In the copy, include every entry exactly but none of its images.
RECORDED DATA: Begin
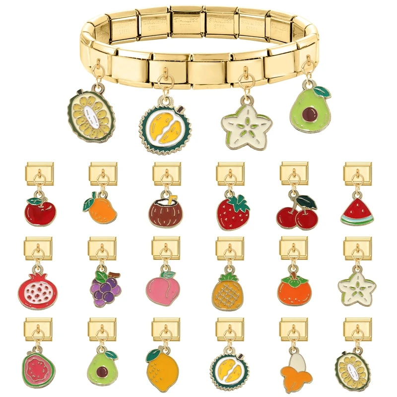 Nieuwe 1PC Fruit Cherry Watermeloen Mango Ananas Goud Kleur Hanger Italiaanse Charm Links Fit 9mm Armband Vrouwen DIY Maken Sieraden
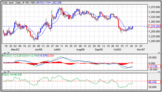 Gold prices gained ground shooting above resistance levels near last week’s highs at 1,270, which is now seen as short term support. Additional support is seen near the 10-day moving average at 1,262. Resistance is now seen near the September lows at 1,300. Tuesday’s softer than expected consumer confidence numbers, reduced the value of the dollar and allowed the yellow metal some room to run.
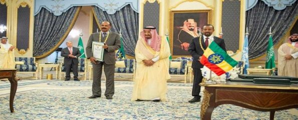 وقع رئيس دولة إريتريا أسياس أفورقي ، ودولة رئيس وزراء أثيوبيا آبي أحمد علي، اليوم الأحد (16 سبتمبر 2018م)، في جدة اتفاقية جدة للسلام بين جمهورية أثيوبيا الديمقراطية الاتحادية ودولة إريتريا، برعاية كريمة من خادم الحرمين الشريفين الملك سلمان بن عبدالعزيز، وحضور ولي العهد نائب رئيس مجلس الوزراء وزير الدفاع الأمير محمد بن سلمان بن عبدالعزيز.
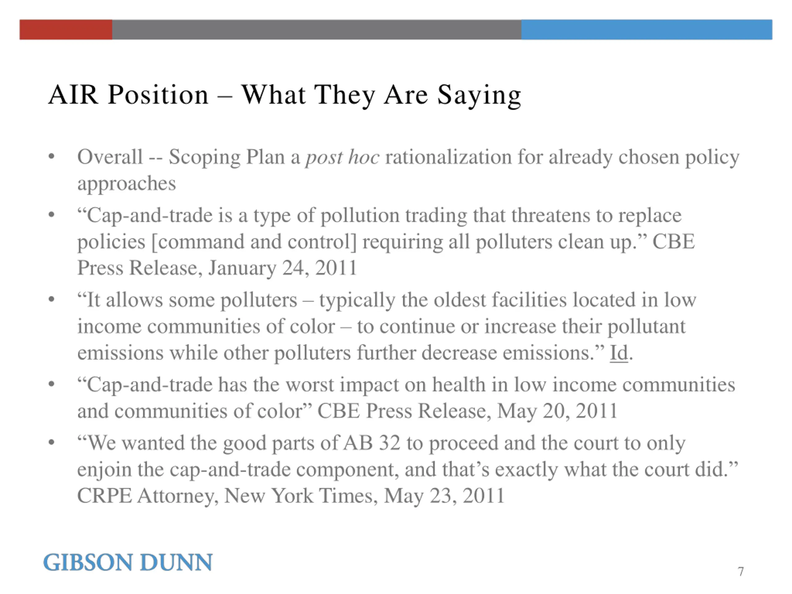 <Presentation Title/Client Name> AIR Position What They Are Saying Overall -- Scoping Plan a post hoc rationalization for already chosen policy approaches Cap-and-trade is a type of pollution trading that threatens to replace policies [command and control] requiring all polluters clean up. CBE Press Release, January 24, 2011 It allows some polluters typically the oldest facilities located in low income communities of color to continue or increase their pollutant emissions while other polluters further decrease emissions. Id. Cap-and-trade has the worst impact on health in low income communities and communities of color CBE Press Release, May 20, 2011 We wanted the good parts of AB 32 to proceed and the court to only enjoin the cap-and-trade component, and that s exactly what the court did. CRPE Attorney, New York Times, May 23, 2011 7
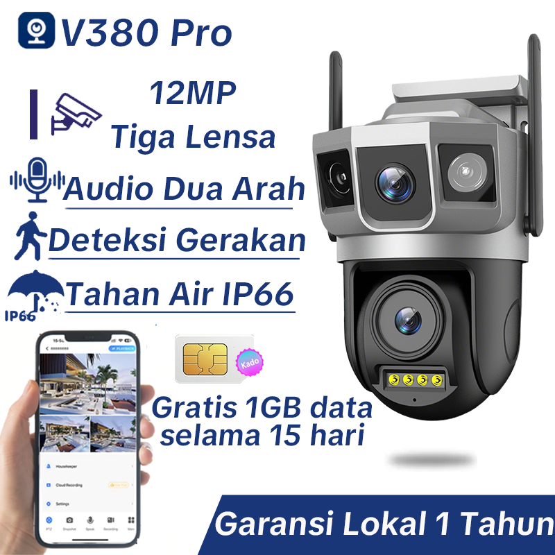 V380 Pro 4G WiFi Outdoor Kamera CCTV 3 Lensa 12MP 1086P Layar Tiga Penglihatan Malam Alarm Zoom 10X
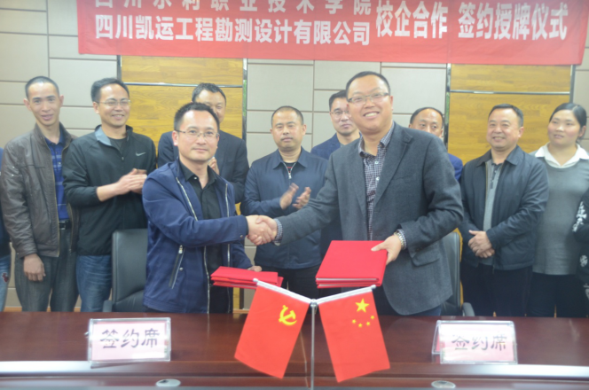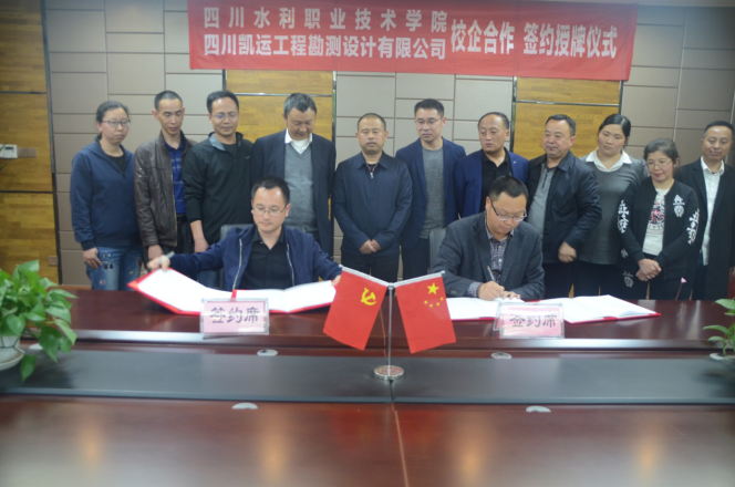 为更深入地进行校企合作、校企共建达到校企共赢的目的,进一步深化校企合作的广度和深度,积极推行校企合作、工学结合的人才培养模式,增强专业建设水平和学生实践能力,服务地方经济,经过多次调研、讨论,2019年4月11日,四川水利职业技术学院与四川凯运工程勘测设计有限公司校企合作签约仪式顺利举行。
RECORDED DATA: End
- **EXERCISE ANSWER**:
 Nieuwe 1PC Fruit Cherry Watermeloen Mango Ananas Goud Kleur Hanger Italiaanse Charm Links Fit 9mm Armband Vrouwen DIY Maken Sieraden
 Gold prices gained ground shooting above resistance levels near last week’s highs at 1,270, which is now seen as short term support. Additional support is seen near the 10-day moving average at 1,262. Resistance is now seen near the September lows at 1,300. Tuesday’s softer than expected consumer confidence numbers, reduced the value of the dollar and allowed the yellow metal some room to run.
 وقع رئيس دولة إريتريا أسياس أفورقي ، ودولة رئيس وزراء أثيوبيا آبي أحمد علي، اليوم الأحد (16 سبتمبر 2018م)، في جدة اتفاقية جدة للسلام بين جمهورية أثيوبيا الديمقراطية الاتحادية ودولة إريتريا، برعاية كريمة من خادم الحرمين الشريفين الملك سلمان بن عبدالعزيز، وحضور ولي العهد نائب رئيس مجلس الوزراء وزير الدفاع الأمير محمد بن سلمان بن عبدالعزيز.
 <Presentation Title/Client Name> AIR Position What They Are Saying Overall -- Scoping Plan a post hoc rationalization for already chosen policy approaches Cap-and-trade is a type of pollution trading that threatens to replace policies [command and control] requiring all polluters clean up. CBE Press Release, January 24, 2011 It allows some polluters typically the oldest facilities located in low income communities of color to continue or increase their pollutant emissions while other polluters further decrease emissions. Id. Cap-and-trade has the worst impact on health in low income communities and communities of color CBE Press Release, May 20, 2011 We wanted the good parts of AB 32 to proceed and the court to only enjoin the cap-and-trade component, and that s exactly what the court did. CRPE Attorney, New York Times, May 23, 2011 7
 V380 Pro 4G WiFi Outdoor Kamera CCTV 3 Lensa 12MP 1086P Layar Tiga Penglihatan Malam Alarm Zoom 10X
 为更深入地进行校企合作、校企共建达到校企共赢的目的,进一步深化校企合作的广度和深度,积极推行校企合作、工学结合的人才培养模式,增强专业建设水平和学生实践能力,服务地方经济,经过多次调研、讨论,2019年4月11日,四川水利职业技术学院与四川凯运工程勘测设计有限公司校企合作签约仪式顺利举行。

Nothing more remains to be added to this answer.